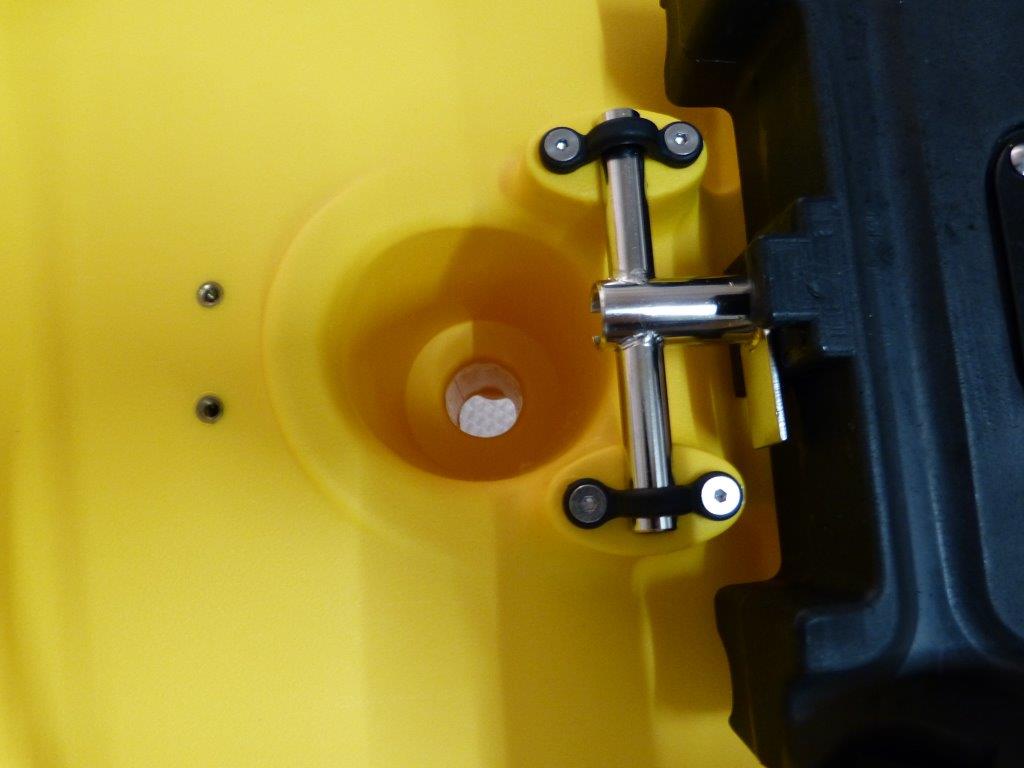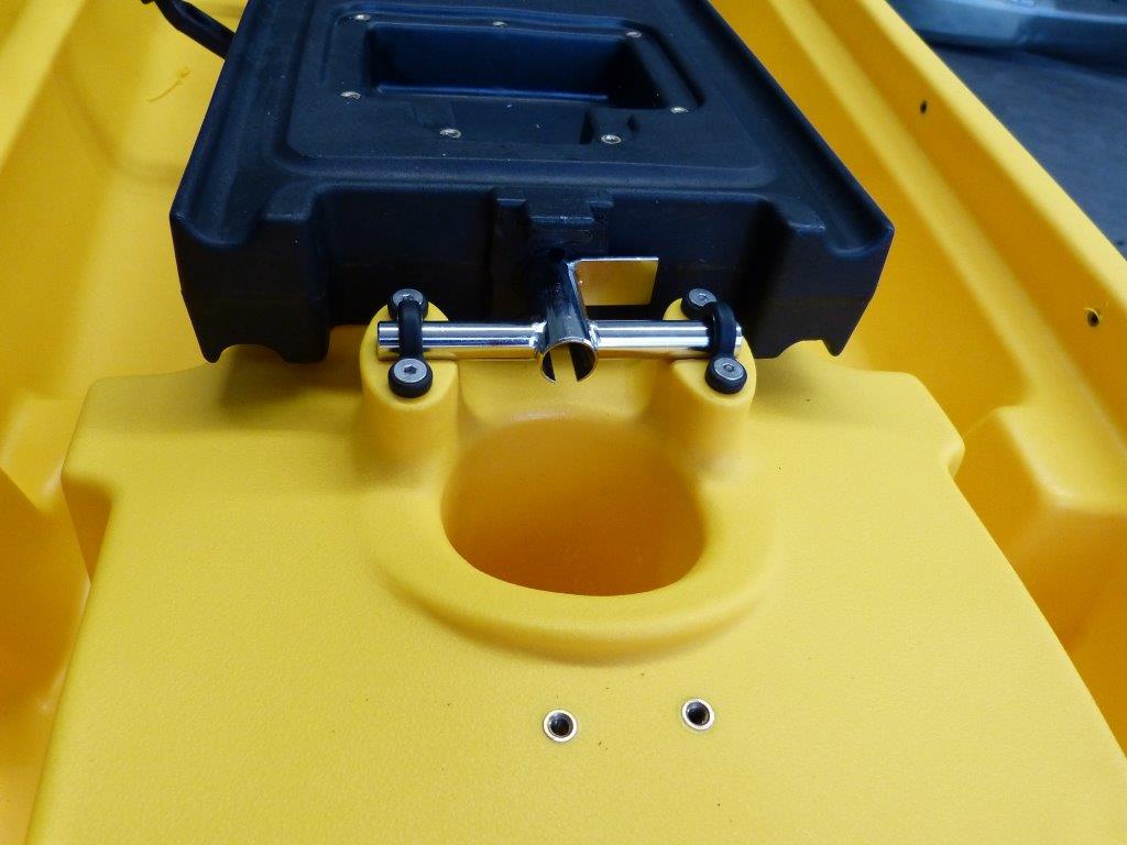 Hier ein paar Bilder vom Transducer Slot ( ist in der Mitte vom Boot und groß genug für alle Muliti... Quadra irgendwas Gebergeschichten), die Achse auf der der Deckel dreht ist hohl und der Raum dahinter hat einen fest verschraubten Deckel mit Dichtung. Also kannst du die Kabel direkt in den Deckel führen ( Stecker müssen aber wohl ab)
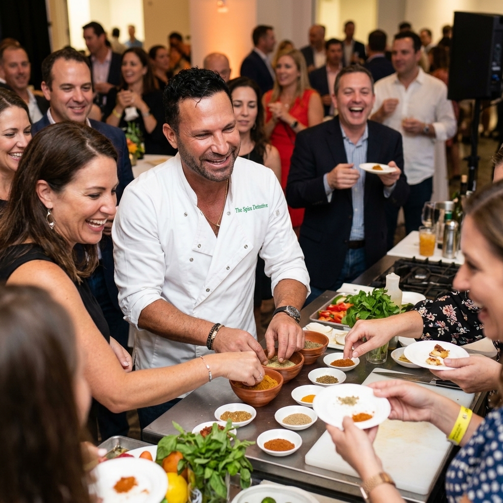 Guests get their hands spiced up as Chef Yaniv demos fun, easy dishes, followed by passing around samples on mini plates.
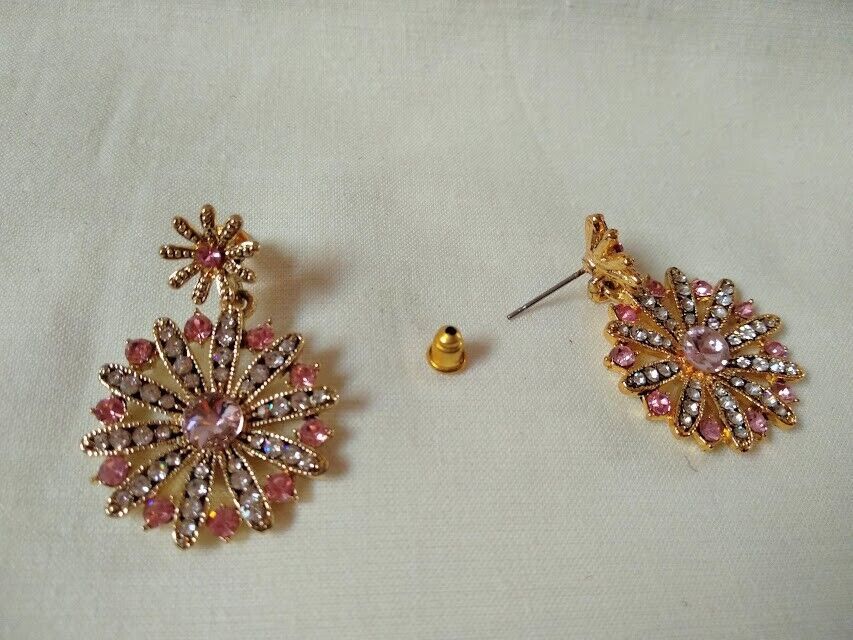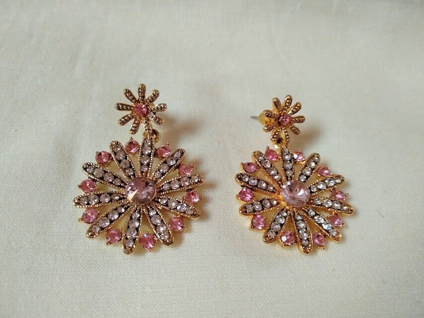 Largos en forma de flor con piedras color rosa y cristales blancos.
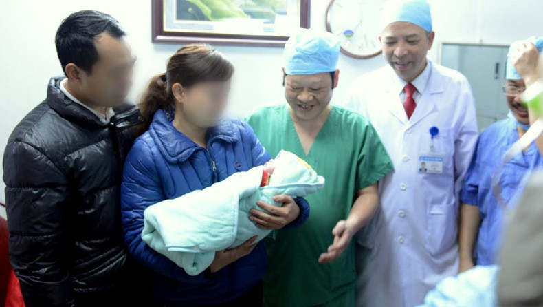 The couple (left) receive their baby from Deputy Minister of Health Nguyen Viet Tien (in green blouse), who directly performed the c-section for the first surrogacy in Vietnam, Hanoi, January 22, 2016. (Credit: zing.vn)
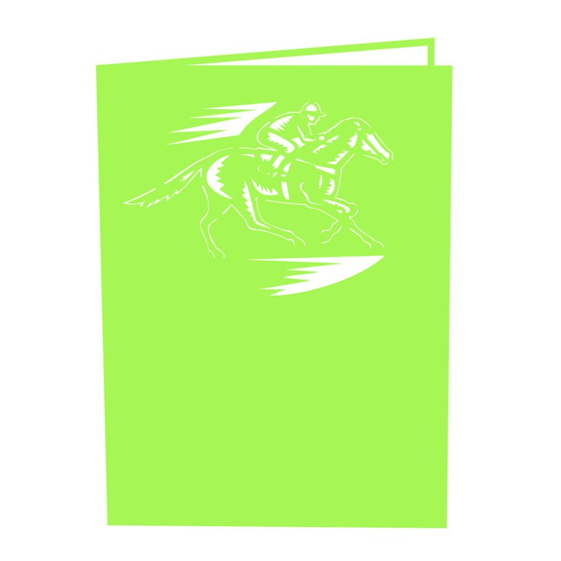 The cover of the Race Day Pop Up Card is a vibrant neon green that immediately grabs attention. At the center, a clean white laser-cut silhouette of a jockey riding a racing horse captures the dynamic motion and elegance of a high-stakes race. The minimalistic yet energetic artwork conveys both modernity and timeless tradition—setting the tone for the excitement inside.

++++++

WHAT YOU NEED TO DO:
Skip the pictures, please, and transcribe only the lines from the beginning of the material through the one that contains "Largos en forma".

EXERCISE ANSWER:
 Hier ein paar Bilder vom Transducer Slot ( ist in der Mitte vom Boot und groß genug für alle Muliti... Quadra irgendwas Gebergeschichten), die Achse auf der der Deckel dreht ist hohl und der Raum dahinter hat einen fest verschraubten Deckel mit Dichtung. Also kannst du die Kabel direkt in den Deckel führen ( Stecker müssen aber wohl ab)
 Guests get their hands spiced up as Chef Yaniv demos fun, easy dishes, followed by passing around samples on mini plates.
 Largos en forma de flor con piedras color rosa y cristales blancos.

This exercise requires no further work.